I wrote these instructions about a year ago. Aside from the URLs (that were accurate at the time) it should still work. HTH
Overview
This tutorial will accomplish three things:
- Build PBS Professional (OSS release 19.1.1 beta 1 for this example)
- Build OpenMPI with support for PBS Professional task manager interface
- Build and run some sample MPI applications
OpenMPI will be installed under /opt/openmpi
PBS Pro will be installed under /opt/pbs
PTL will be installed inder /opt/ptl
Prerequisites
- Two VMs with two virtual CPUs each (pbs-server and mom-2 for this example)

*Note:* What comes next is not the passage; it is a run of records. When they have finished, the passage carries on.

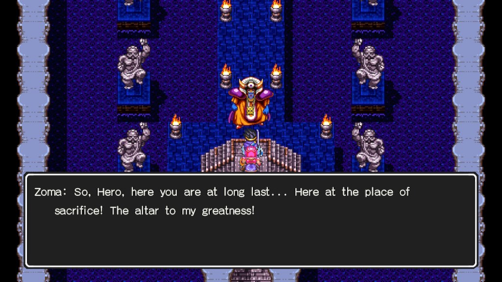 Most people who have played Pokemon Gold/Silver will remember that moment when you beat the Elite Four only to find out that the entire world of Kanto from Blue/Red is also available. It’s a great surprise but really Dragon Quest did it eleven years earlier! That being said, I’d argue that DQIII goes one step further as after you finally beat Zemos you’re hit with yet another revelation.
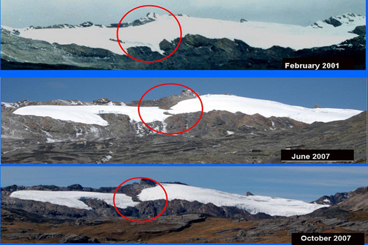 NOTICIAS 14/04/2013Glaciares de Perú se están derritiendoLas grandes masas de hielo que forman los glaciares peruanos, cuyos núcleos se constituyeron hace más de mil 800 años, han comenzado a derretirse de manera irreversible en las últimas décadas por el calentamiento global.
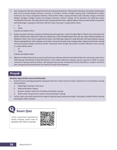 baik kedatangan Jepang ke Indonesia? Berilah tanda centang () pada pilihan kalian.
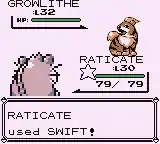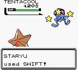 In the Western versions of the Generation I handheld games, Swift inflicts damage and bypasses accuracy checks to always hit. It can hit a Pokémon even during the semi-invulnerable turn of a move such as Dig or Fly.
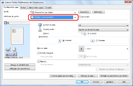 Sélectionner [Modifier et prévisualiser] dans [Méthode de sortie].
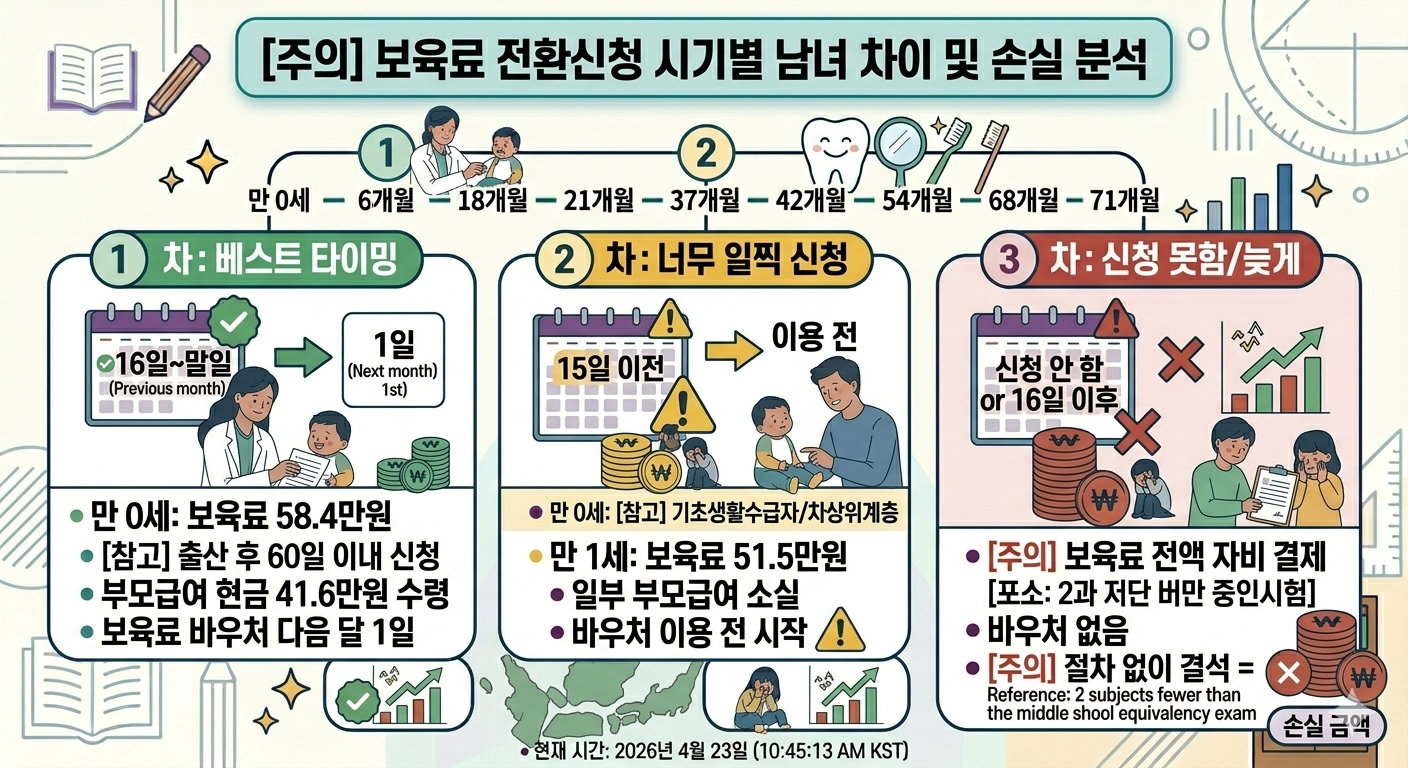 보육료 전환신청에서 매월 15일은 당월 적용과 익월 적용을 가르는 기준일입니다. 이 날짜를 기준으로 손실 금액이 크게 달라집니다.
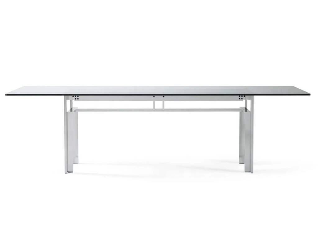 Ein Eckpfeiler des italienischen Designs, eine skulpturenhafte Struktur, die zum Emblem der „ultrarationalen” Bewegung geworden ist. Diese setzte sich gegen Ende der 60er Jahre dafür ein, die vom Rationalismus auferlegten Grenzen zu sprengen sowie die traditionellen ästhetischen Werte zurückzuerobern. Der Tisch Doge ist Teil der SimonCollezione von Cassina und wurde durch die Einführung neuer Bearbeitungen und Materialien aktualisiert, die im Laufe der Zeit die Evolution und Aktualisierung des historischen Modells geprägt haben. Die architektonische Basis aus Aluminium oder satiniertem Stahl, die durch flache Profile mit hoher Dicke definiert wird, stellt den wesentlichen Bestandteil des Tisches dar, während das elegante und raffinierte Auflagemechanismus dank der Transparenz der Glasplatte im Mittelpunkt der Sichtbarkeit steht. Das aktuelle Angebot umfasst fünf Abmessungen, die durch das erste Projekt von Scarpa inspiriert wurden. Sie sind sowohl mit Tischplatte aus Glas als auch aus Marmor erhältlich.
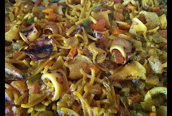 300 gr. de fideos gordos 500 gr. de calamares Un tomate maduro Una cebolla Un pimiento verde mediano Una zanahoria 2 dientes de ajo Aceite de oliva Una cucharadita de colorante Un litro de agua o caldo de pescado Sal
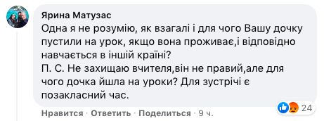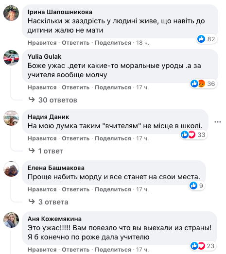 Другие же пользователи написали, что это открытая травля и такой учитель должен быть отстранен от работы. А еще - матери пострадавшей девочки посоветовали нанять адвоката и подать иск в суд.

- Root access on both VMs (needed for installing PBS Pro and OpenMPI)
- /opt does not squash UID for SUID binaries
- VMs configured to communicate with each other
- Same OS on both VMs (to prevent building everything twice)
- Intenet access to download source code
- Build dependencies for PBS Pro and OpenMPI are installed on primary VM
- Installation dependencies for PBS Pro and OpenMPI are installed on both VMs
Setup
Any existing PBS Pro or OpenMPI packages should be uninstalled.
rpm -qa | grep pbs
rpm -qa | grep openmpi
Use yum, zypper, apt-get, etc. to uninstall these packages. Check the
contents of /opt to ensure the pbs and openmpi directories are not present.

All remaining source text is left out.